フォンディュ相変わらずの人気にてしかも外にて爽やかな気分のもとに人の食を眺めるも愉快。夕刻ハイティーも定番となる。近頃仕入れし新しき葉にて試飲する。飲んだ瞬間に脳髄の真を刺激される感あり。その力強さに驚く。その後ミルクを添えて飲むこと数回。ミルクが程よくお茶のとげのある所を包み込み「これがあれか!」にわかには信じられないほどの化け様。上等のクラレットのワインを飲むがごとき感あり。食にては地味なイギリスの名が紅茶にてその誉れを輝かす所以を信ずるに足るを知る、誠に有意義な日であった。しかも本日のスコーンの出来具合は誠によかった。粉の風味、焼き上がりの色、口に入れたときに広がり行く香り。その後に飲むミルクティーの高貴なる香りとの融合。このスコーンに其れを受けるこのミルクティー、役者はそろった。その感想をありていに料理人に述べれども我料理人「何をいまさら!我技量の深遠なるを己は今にして知りおったか!お主もタワケノ者よ!」とでも言いたき素振りにてにてちらりと目を合わせ忙しく料理を拵えているばかりであった。最近は乏しい棚の中より「シャンベルタン」が出てきた。然る所より戴きて忘れていたものである。その相棒の食材を考えるのに頭を悩ます今日この頃なり。

「紅葉する老年」と云う言葉が好き。老年期、戸惑うことばかり。
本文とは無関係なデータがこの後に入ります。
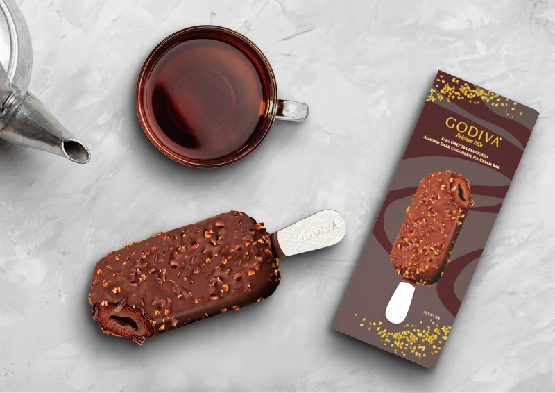 其中首推英式經典口味「GODIVA伯爵紅茶風味杏仁黑巧克力流心雪糕」,主廚將伯爵茶溫順醇厚的茶香,結合GODIVA比利時巧克力特有的香濃,外層杏仁碎及巧克力脆片加上黑巧克力冰淇淋包裹伯爵茶流心,多層次的濃郁香氣令人著迷。
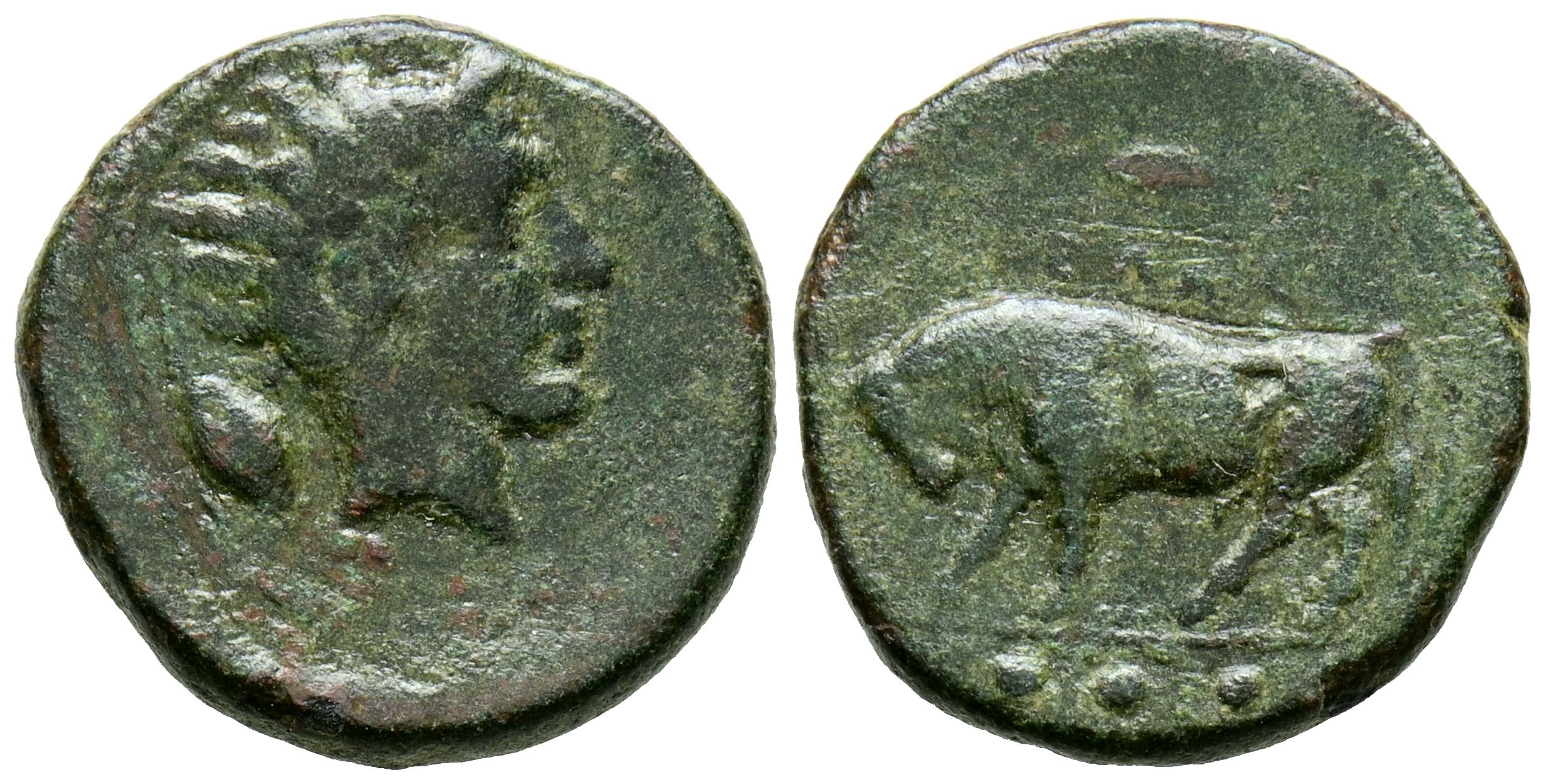 SICILIA, Gela. Tetras. (Ae. 3,53g/17mm). 420-405 a.C. (HGC 2, 379). Anv: Cabeza de la diosa Gelas a derecha, detrás grano de trigo. Rev: Toro embistiendo a izquierda, encima hoja de olivo y leyenda griega, debajo tres puntos. MBC-.

孫の名前がとっさに出てこない!愛用するお店の名前も失念!探し物で、部屋に入ったら、目的を失念!と、悩ましいこの頃なのであります。一方、巷では、「人生100歳時代」と言うフレーズを耳にします。「そんな事は学校では教わりませんでした」などと、愚痴めいたことを言っても仕方がない・・・・。
後26年でそこに到達してしまう!店で立ち働いていると、「よく頑張ってますねぇ!」と、人様に褒められる事もある。こういう時は、気分爽快、元気が出るのであります。これはそんな老輩の日々を綴るものです。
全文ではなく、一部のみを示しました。